ASSIGNMENT:
Begin with the line below holding "This lot of" and go on through the line holding "تصاویر اساسنامه مرکز", duplicating each line exactly and leaving out pictures.

RECORDS PROVIDED:
________________________

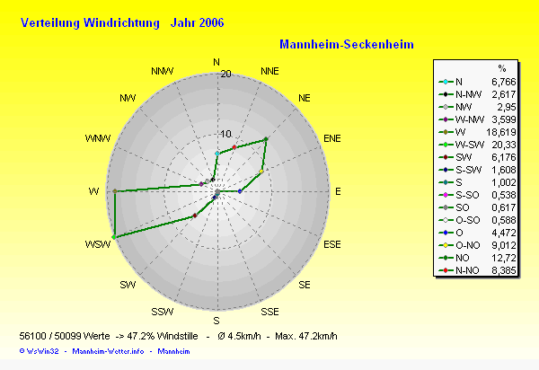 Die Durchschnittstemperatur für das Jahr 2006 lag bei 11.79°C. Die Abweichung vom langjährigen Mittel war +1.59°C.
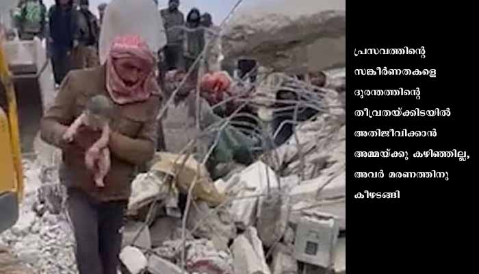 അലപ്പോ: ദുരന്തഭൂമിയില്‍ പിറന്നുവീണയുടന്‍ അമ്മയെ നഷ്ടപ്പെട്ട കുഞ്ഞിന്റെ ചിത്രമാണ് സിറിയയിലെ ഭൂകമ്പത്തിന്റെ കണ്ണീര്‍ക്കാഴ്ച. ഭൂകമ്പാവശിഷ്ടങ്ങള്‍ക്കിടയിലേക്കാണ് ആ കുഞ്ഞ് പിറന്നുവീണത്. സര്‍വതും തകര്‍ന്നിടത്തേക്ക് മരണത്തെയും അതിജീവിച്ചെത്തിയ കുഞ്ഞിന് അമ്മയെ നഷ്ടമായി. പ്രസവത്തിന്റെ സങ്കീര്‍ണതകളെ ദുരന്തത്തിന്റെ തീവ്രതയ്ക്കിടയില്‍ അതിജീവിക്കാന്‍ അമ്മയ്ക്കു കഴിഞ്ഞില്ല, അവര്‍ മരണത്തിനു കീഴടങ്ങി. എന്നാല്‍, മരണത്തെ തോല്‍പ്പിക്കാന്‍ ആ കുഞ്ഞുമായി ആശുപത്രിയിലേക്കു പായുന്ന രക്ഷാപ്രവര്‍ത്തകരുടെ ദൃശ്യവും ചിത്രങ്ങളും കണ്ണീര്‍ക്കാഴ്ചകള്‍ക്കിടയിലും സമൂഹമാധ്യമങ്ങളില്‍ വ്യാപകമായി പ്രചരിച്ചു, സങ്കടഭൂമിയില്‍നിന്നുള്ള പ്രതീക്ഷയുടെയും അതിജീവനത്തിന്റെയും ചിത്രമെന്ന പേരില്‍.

________________________

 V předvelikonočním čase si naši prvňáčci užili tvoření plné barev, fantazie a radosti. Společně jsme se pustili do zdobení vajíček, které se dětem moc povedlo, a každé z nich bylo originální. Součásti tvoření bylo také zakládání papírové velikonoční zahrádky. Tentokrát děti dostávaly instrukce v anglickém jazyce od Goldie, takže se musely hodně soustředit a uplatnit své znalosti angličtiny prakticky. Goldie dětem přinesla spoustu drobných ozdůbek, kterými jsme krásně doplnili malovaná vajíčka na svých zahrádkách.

________________________

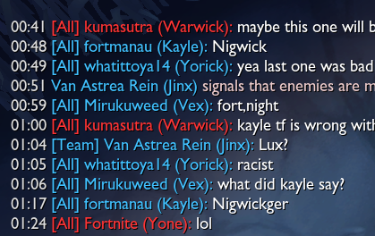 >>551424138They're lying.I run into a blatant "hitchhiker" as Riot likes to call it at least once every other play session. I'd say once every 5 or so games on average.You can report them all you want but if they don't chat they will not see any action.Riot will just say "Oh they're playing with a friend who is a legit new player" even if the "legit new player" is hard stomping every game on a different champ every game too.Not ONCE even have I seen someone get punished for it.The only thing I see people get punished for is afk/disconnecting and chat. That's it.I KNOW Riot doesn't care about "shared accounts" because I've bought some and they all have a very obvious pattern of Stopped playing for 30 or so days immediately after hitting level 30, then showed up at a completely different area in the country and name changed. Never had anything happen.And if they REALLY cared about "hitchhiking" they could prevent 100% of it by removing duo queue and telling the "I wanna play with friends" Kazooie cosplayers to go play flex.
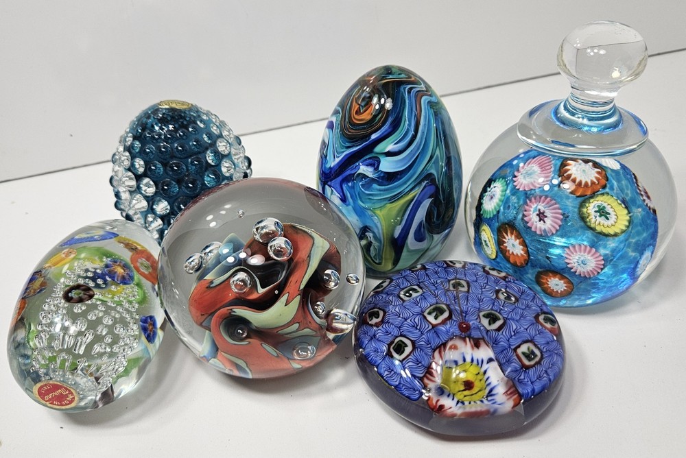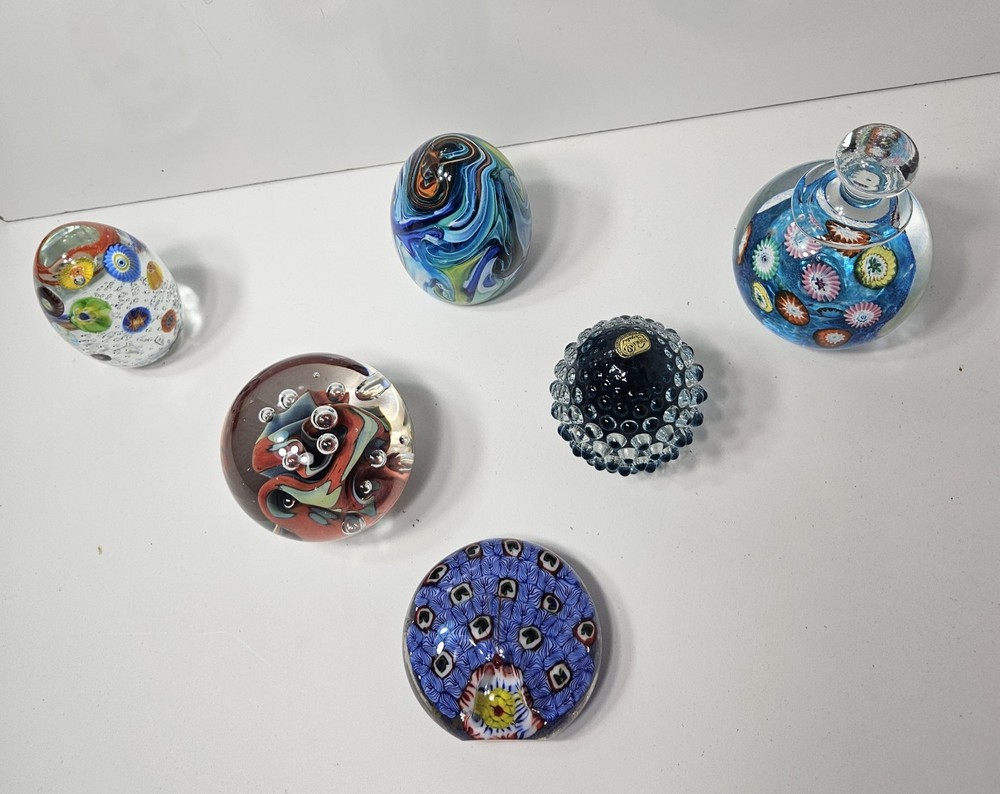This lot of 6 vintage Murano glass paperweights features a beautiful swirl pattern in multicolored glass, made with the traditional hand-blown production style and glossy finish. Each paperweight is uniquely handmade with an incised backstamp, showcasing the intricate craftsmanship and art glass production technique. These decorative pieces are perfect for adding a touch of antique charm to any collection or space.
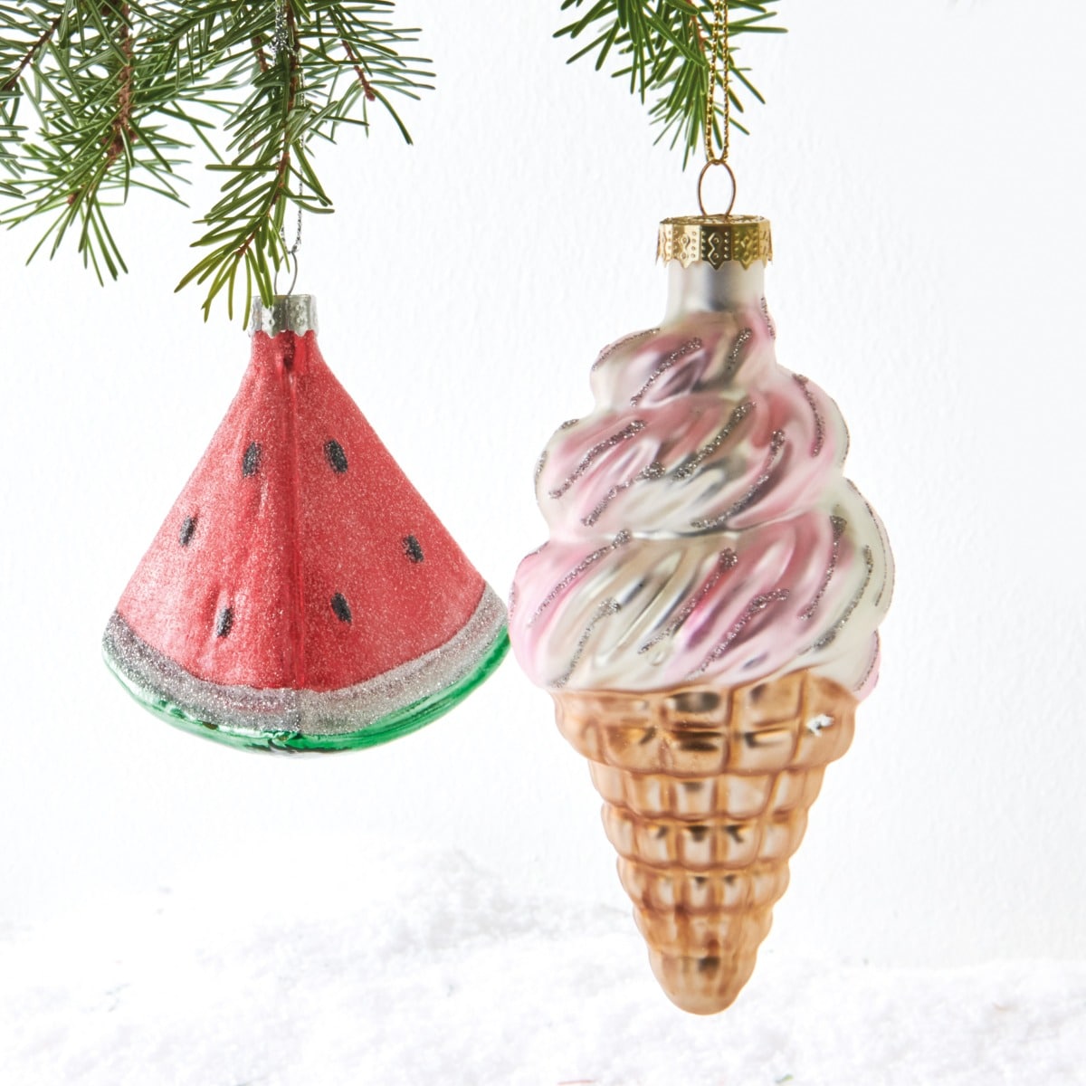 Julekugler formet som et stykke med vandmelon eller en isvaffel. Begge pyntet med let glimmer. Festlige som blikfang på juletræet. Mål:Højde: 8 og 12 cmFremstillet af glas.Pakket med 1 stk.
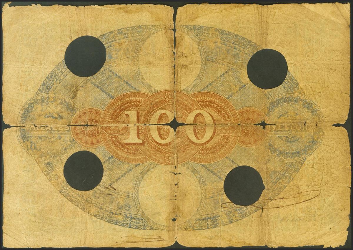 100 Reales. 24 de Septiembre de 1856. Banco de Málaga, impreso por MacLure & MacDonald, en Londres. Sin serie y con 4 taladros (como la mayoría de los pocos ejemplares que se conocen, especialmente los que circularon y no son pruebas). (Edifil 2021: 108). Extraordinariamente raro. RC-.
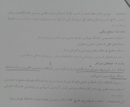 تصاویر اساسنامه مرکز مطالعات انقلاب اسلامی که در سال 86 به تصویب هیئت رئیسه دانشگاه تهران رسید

________________________

TASK RESULT:
This lot of 6 vintage Murano glass paperweights features a beautiful swirl pattern in multicolored glass, made with the traditional hand-blown production style and glossy finish. Each paperweight is uniquely handmade with an incised backstamp, showcasing the intricate craftsmanship and art glass production technique. These decorative pieces are perfect for adding a touch of antique charm to any collection or space.
 Julekugler formet som et stykke med vandmelon eller en isvaffel. Begge pyntet med let glimmer. Festlige som blikfang på juletræet. Mål:Højde: 8 og 12 cmFremstillet af glas.Pakket med 1 stk.
 100 Reales. 24 de Septiembre de 1856. Banco de Málaga, impreso por MacLure & MacDonald, en Londres. Sin serie y con 4 taladros (como la mayoría de los pocos ejemplares que se conocen, especialmente los que circularon y no son pruebas). (Edifil 2021: 108). Extraordinariamente raro. RC-.
 تصاویر اساسنامه مرکز مطالعات انقلاب اسلامی که در سال 86 به تصویب هیئت رئیسه دانشگاه تهران رسید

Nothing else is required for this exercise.